Meduza’s readers reflect on the war

‘On their TV screens, they’re at war with NATO. Outside my window, there’s war every single day.’ Meduza’s readers in Ukraine and Russia reflect on how the war has shaped their lives — and deepened divisions

What would it take for there to be a revolution in Russia? It’s not as if Russian society overall is enjoying decadent benefits from this war. Putin is destroying his own country: he’s burning through Russia’s resources and bleeding through his population, sending Russian soldiers out like cannon fodder. In whose interest is this exactly? [Ukrainian philosopher] Constantin Sigov described it as “nihilism made systemic.” Somebody’s family gets some money because their son or husband was killed at the front. But profiting by sending your sons to be killed — and I say this as a mother — just doesn’t seem like such a good deal. Something has clearly gone very wrong.

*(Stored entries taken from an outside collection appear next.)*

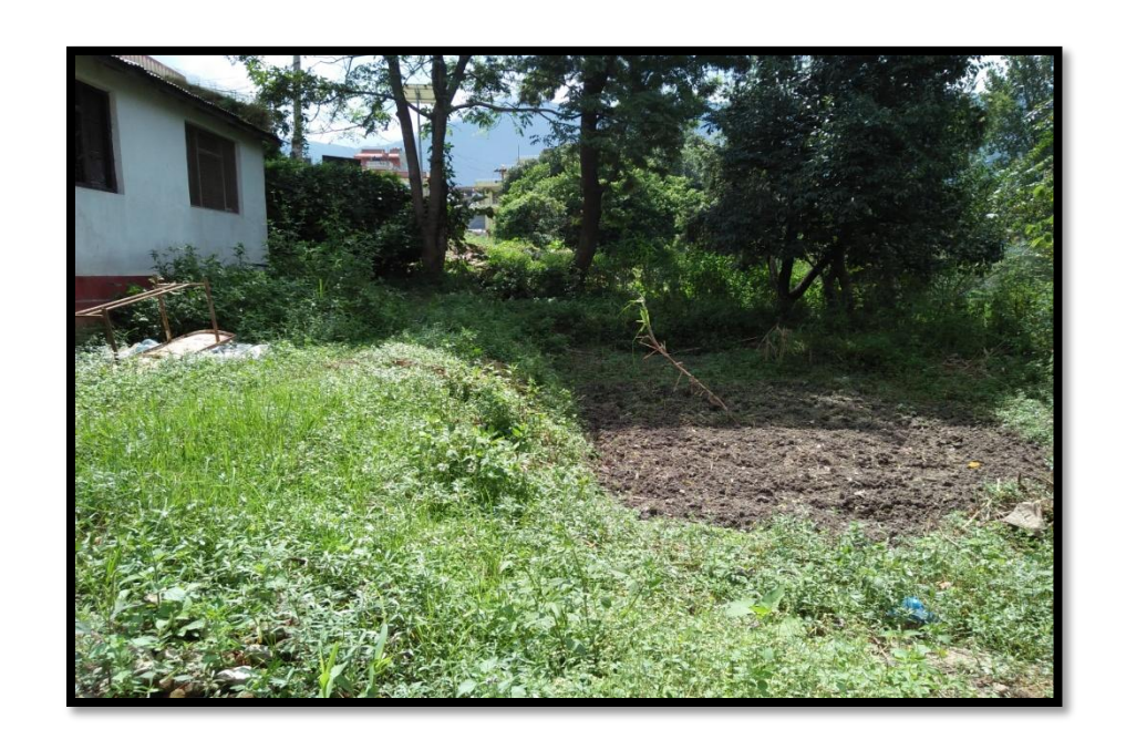
Annex VI: Photographs (Proposed Site)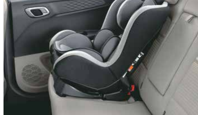
Child seat anchor (ISOFIX)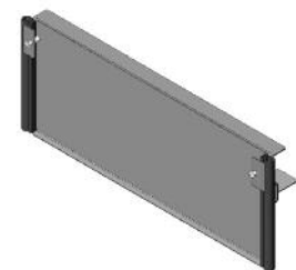
Adjustable Height Filler Panel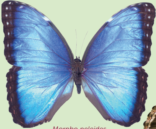
Morpho peleides Common Blue Morpho ● (inside & outer wings)

Look for these large butterflies on our fruit dishes or chasing each other through the trees. Most have eye spots, some have brilliant inner wings.

And then there are these 20-year-old Russian soldiers taking over places like Kherson and torturing middle-aged women in basements who speak their language and could be their mothers. For what? What are they thinking? I can’t get my mind around the sadistic cruelty for nothing. I can understand the contempt Ukrainians feel towards Russians. It’s an epistemological problem as well. How did this happen? Putin is not offering the same kind of grand narrative that Stalinism offered, or that Hitler offered, for that matter. There’s no utopian vision at the end of it, where sacrifices in the present will bring a future where everyone will live happily ever after. It feels more as if this is a society that has simply been crushed and has no sense of its own subjectivity.

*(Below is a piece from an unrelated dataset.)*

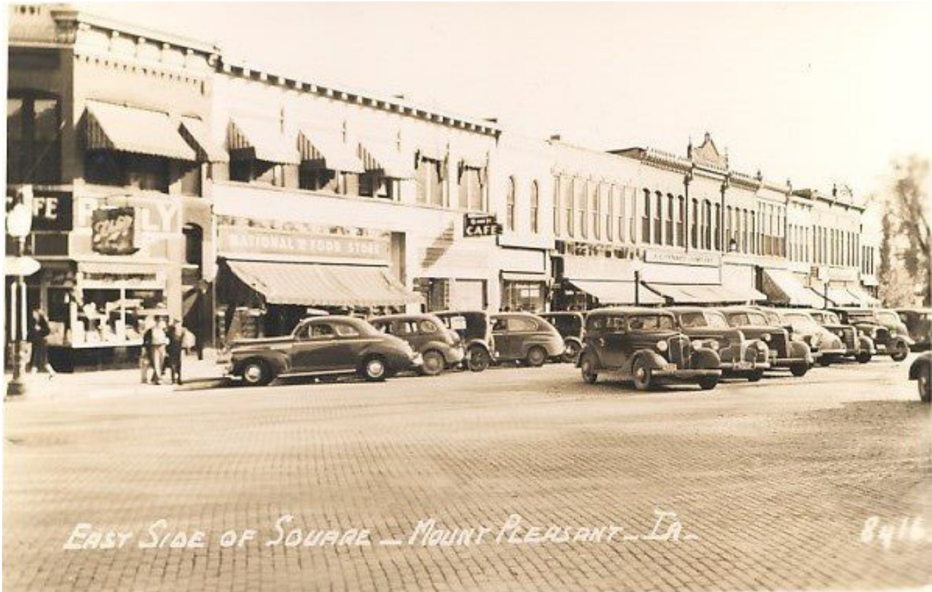
100 block of S. Main St in 1940s

— The paperback edition of The Ukrainian Night includes a new preface written in 2023. If you were to write an updated preface in 2025, what would you say? 

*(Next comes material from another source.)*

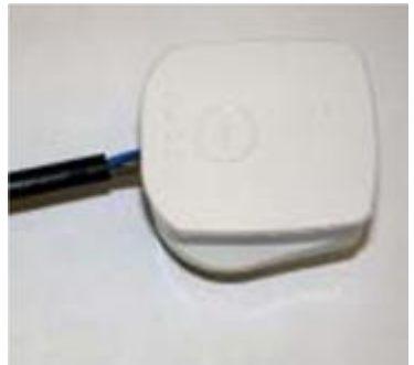
3b Inadequate strain relief

— The point of the updated preface was to allow the reader to follow the stories of some of the protagonists into the full-scale invasion. So I would be tempted to add things about what has happened to the protagonists since then. I don’t feel like I have a fundamentally different “conclusion,” per se; it would be more a temptation to continue, as a historian, to follow the empirical narrative.

In terms of my own state of mind, I continue to watch this war from afar in a state of despair — although I have made several trips to Ukraine since the full-scale invasion, and I’m grateful for having been able to do so. Ukrainians continue to fight; Europeans continue to sleepwalk.

There were three moments in my life when I felt absolutely paralyzed by something that had happened on a world-historical scale. The first was when I was in Manhattan on September 11, 2001, the second was when I was in New Haven on the night Trump won the 2016 presidential elections, and the third was when I was in New Haven on February 24, 2022 — actually February 23, because four a.m. in Kyiv is 9:00 p.m. on the east coast, so I was all too awake. I couldn’t even take it in. And it’s not as if I hadn’t been expecting it. I’d been following very, very closely. I was very moved by Zelensky’s address to the Russians, asking them not to do this. But something that is not a surprise can nonetheless be a shock. In some ways, I still feel in shock.

I suppose what has fundamentally changed in the past year is that my total despair about the United States is more of a through-line in my writing. And my pleading with the Europeans to mobilize on behalf of Ukraine is now inflected by my pleading with the Ukrainians to shake themselves out of any delusion that they can somehow finesse this American administration. No one should trust us. This administration has no values and no first principles. This has to be it: the end of the affair with America. Europeans have to mobilize on their own. When I was in Kyiv late last spring, I had the feeling as if it were the only place in Europe where people were not sleepwalking.